国際協力機構(JICA)

保健医療分野の予算倍増へ
「人間の安全保障」を強力に推進

JICA 社会基盤部 都市・地域開発グループ長 荒 仁氏

国際協力機構(JICA) 副理事長
山田 順一氏

国際協力機構(JICA)は2019年から、現在の社会における脅威を改めて見つめ直し、さまざまな脅威に対して強靭な社会システムを創る「人間の安全保障2.0」を推進してきた。コロナ危機を受けて世界的に人間の安全保障の重要性が再認識されている中、JICAは今後、どのような協力を展開していくのか。今年5月にJICA副理事長に就任した山田順一氏に聞いた。

円借款は440億円超へ引き上げ

今回の新型コロナウイルスの感染拡大を受けて、JICAは現在、感染症をはじめとした脅威に対応して命・暮らし・尊厳を守る「人間の安全保障」を掲げている。教育支援など人々がよりよく生きるための協力も重要であることに変わりはないが、人間の命を救うことに直結する支援も重要だと改めて認識した。

これを実現するため、JICAは今後中期的に、保健医療分野で円借款、無償資金協力、技術協力それぞれの事業規模を倍増する計画だ。円借款では、現在の年平均219億円から5年後に440億円以上に引き上げることを目指したい。対象としては、病院建設や日本の医療システムの普及などに活用することが想定される。これに技術協力を組み合わせ、現地のIT環境の整備に向けて機材供与も含めて人材育成を行いたいと考えている。このほか、日本の医療機関と現地の医療機関をオンラインでつなぎ、新型コロナ対策も含めた技術指導を遠隔で行うといった協力も構想している。こうした取り組みは、日本の医療法人の海外進出、日本の医療システムや技術の輸出にもつながるだろう。

加えて20年度の補正予算では、2年間で5,000億円に上る「新型コロナウイルス感染症危機対応緊急支援円借款」の実施が決定している。すでにフィリピンでは7月1日、インドネシアでは8月3日、バングラデシュでは5日に借款契約(L/A)の調印を終えたところだ他のアジア諸国ともオンライン上で協議を重ねており、順次L/Aを締結していく予定だ。

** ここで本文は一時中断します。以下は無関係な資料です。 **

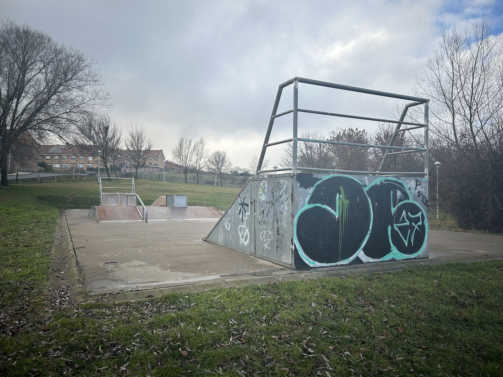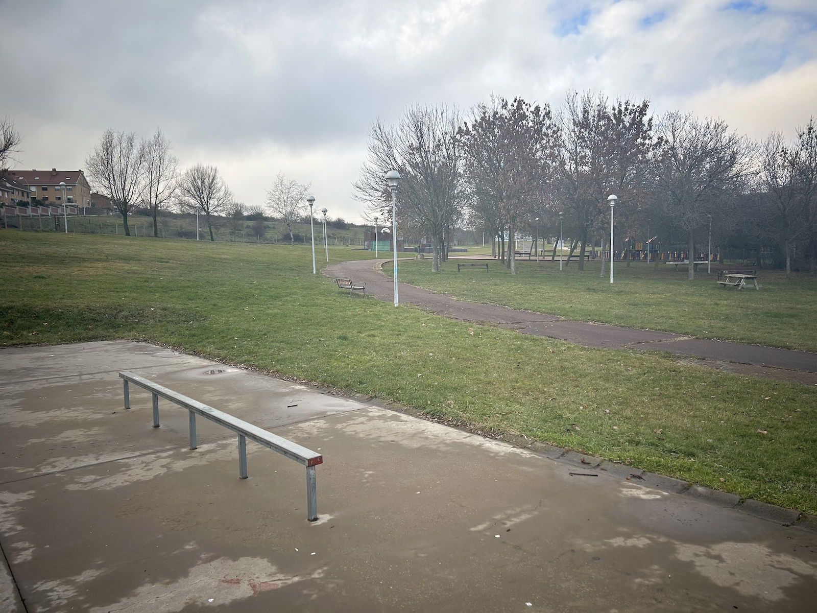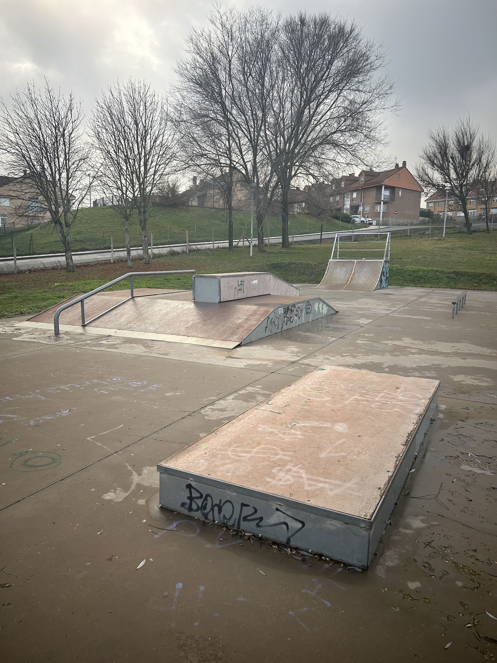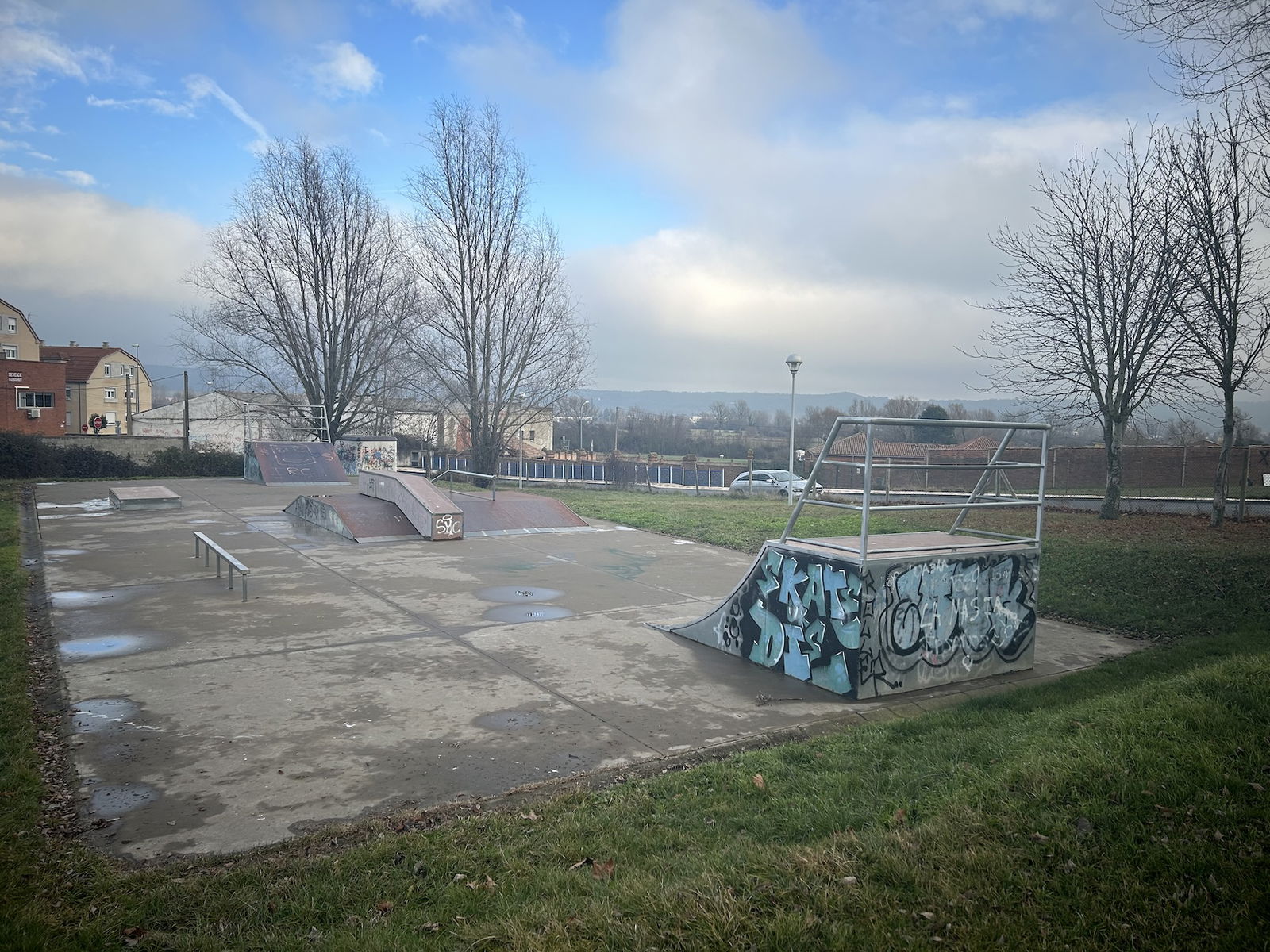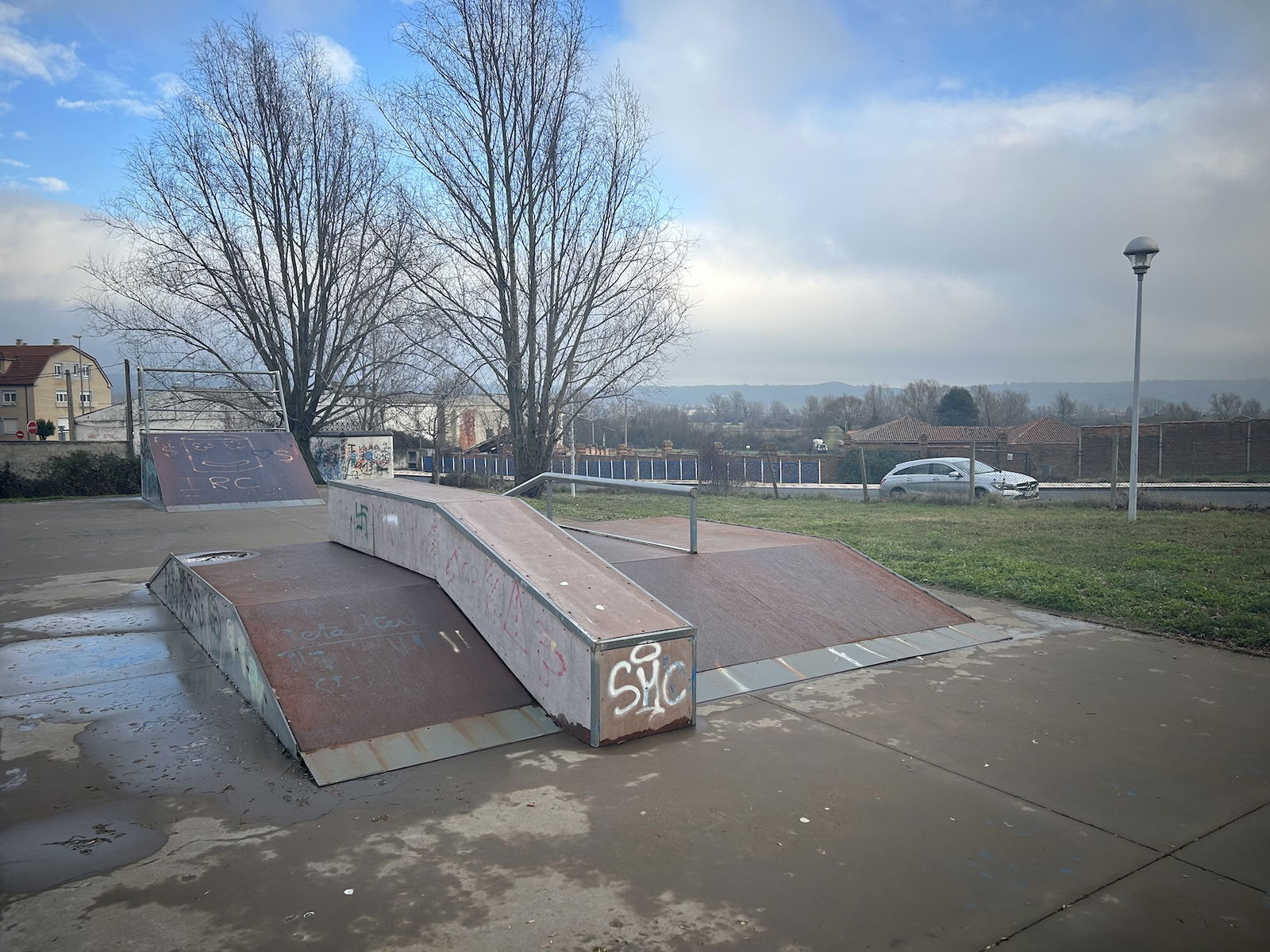 Navatejera skatepark is made up of a back and forth run with a quarter pipe and bank on the sides of a funbox.
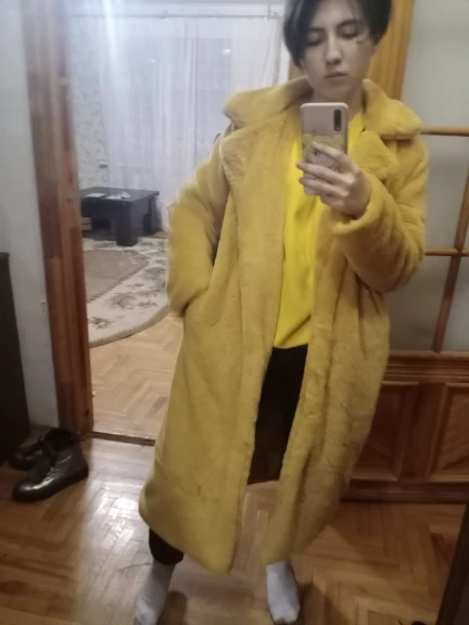 Хорошая шубка, очень приятная на ощупь. Правда на фотографии жёлтый ярче чем в жизни. Чувствуется, что достаточно теплая. Прислали очень быстро

コロナ禍の国際社会においては、中国がマスク外交を展開したり、自国の医療団を世界の約30カ国に派遣したりと、その存在感を強めている。中国に伍していくためにも、「人間の安全保障」を目指した協力を推進していく必要があると認識している。

他方、インフラ分野でもポストコロナに対応した取り組みを進めていくつもりだ。例えば、7月に経協インフラ戦略会議がとりまとめた「インフラ海外展開に関する新戦略」の中でも柱の1つとして据えられている、病院や医療機材などの医療インフラは重視していく。

コンサルに求められる「現地化」

そうした中で、コロナ禍においても新規の公示案件の数は減らさないようにしている。7月時点では10月以降に現地出張が再開できる前提で公示を行っているが、難しい場合には国内作業に振り替えてもらうなどの対応を取っていく。すべてを国内業務で対応できるような案件の発注も検討しているところだ。

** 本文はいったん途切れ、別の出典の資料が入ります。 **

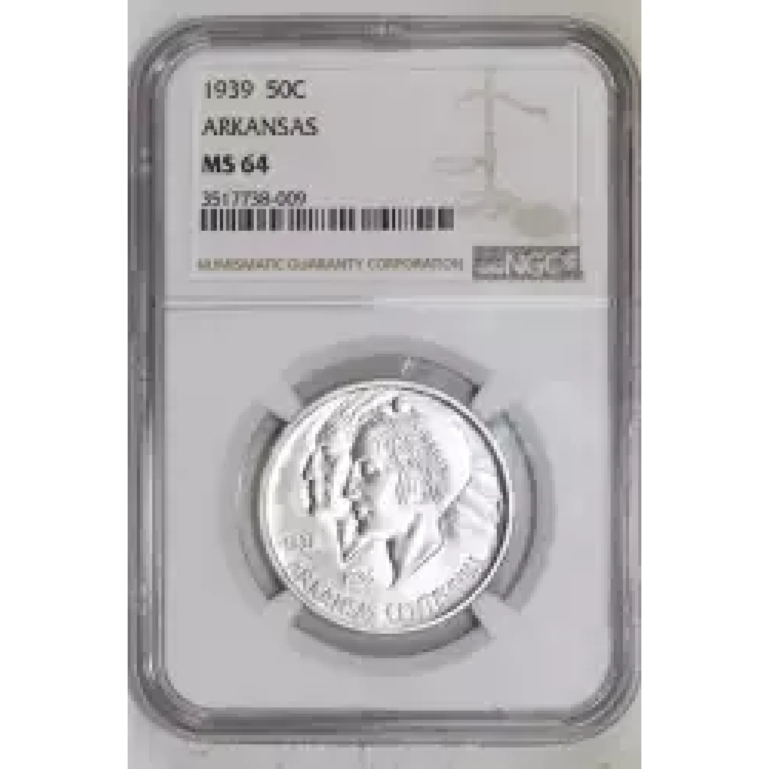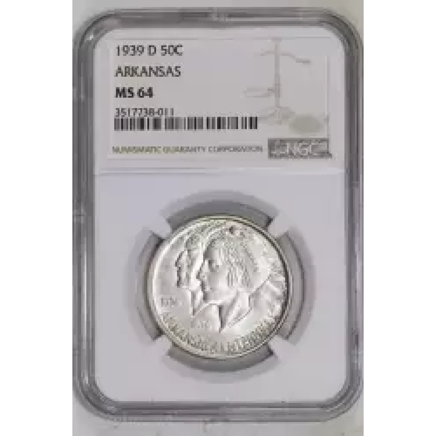 520686 | 1939 Classic Commemorative Arkansas Centennial NGC MS-64 ARKANSAS | NGC | MS-64 | Sold: 14/11/2023 | $450 |
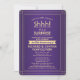 Can you keep a secret? Invite family and friends to an elegant and exciting surprise anniversary celebration with custom photo purple and gold party invitations. Picture and all wording on this template are simple to personalise, including message that reads "Shhh! It's a SURPRISE." The design features one photo of your choice, classic vintage art deco typography, stylish modern script calligraphy, and a modern striped border on a purple ombre background. Please note that gold is printed colour, not metallic foil. Congratulations and Happy Anniversary!
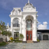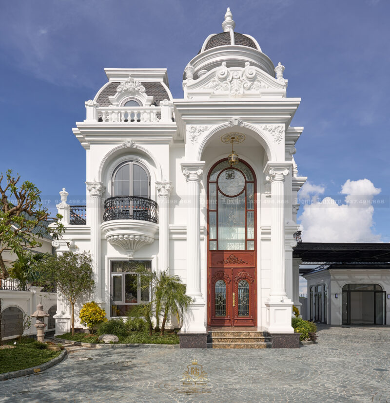 Biệt thự tân cổ điển đẳng cấp, nổi bật với mặt tiền trắng tinh tế, các chi tiết hoa văn đắp nổi cầu kỳ và hệ cột La Mã bề thế.
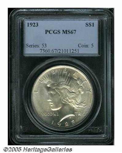 1923 S$1 MS67 PCGS. The centers are razor-sharp,
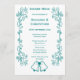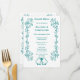 Mariage menu cloches design. Customisez ce menu de mariage de couleur turquoise avec vos détails de mariage. Si vous avez besoin d'aide pour vous customiser, contactez-nous via le lien de cette page. Conception de cloches de couleur turquoise menu mariage personnalisé

他方、すでにベトナム、タイ、ミャンマー、ラオス、カンボジア、マレーシアの6カ国ではJICA関係者の渡航制限を緩和しており、これらの国へはJICA専門家の帰任も始まっている。渡航を再開する国は今後も徐々に増えていくと思う。なお、渡航再開の判断は一律の基準を設けずに、その国の状況に応じて随時行っていくつもりだ。

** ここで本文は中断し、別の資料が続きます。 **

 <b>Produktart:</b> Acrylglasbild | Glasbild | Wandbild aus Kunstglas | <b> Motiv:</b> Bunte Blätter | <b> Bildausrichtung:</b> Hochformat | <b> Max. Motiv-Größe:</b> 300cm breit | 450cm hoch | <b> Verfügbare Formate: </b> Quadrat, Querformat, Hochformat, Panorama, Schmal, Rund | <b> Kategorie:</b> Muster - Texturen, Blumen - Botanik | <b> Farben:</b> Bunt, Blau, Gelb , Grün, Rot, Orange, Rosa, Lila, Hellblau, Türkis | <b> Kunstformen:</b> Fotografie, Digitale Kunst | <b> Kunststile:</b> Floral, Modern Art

とはいえ、新型コロナの終息の目途が立たない中ではアフリカや中南米など渡航制限が当面続くところも多いだろう。そうした中では、遠隔による事業実施に加えて、「現地化」を進めて現地リソースを活用できる体制を整えることもこれまで以上に必要になってくるかもしれない。すでにミャンマーやフィリピンなどに現地法人を持つ日本企業は、彼らと連携しながら事業を進めている。

現地化は、企業の価格競争力を強めることにもなる。コンサルタント等契約(業務実施契約)の選定方式は将来的にQCBS(技術・価格評価方式)へと全面切り替えとなる。価格点の比重が大きくなる中では、現地化により人件費などをコストダウンできる企業が有利になることも予想される。

経団連とも連携しDXを本格化

ポストコロナの途上国開発においては、デジタルトランスフォーメーション(DX)も欠かせない。途上国の一部では「伝統的なインフラの施工は日本に頼みたいが、ソフト面、特に最先端の技術を導入する際は中国に頼みたい」という声も聞かれるなど、DXは日本の開発協力において喫緊の課題となっている。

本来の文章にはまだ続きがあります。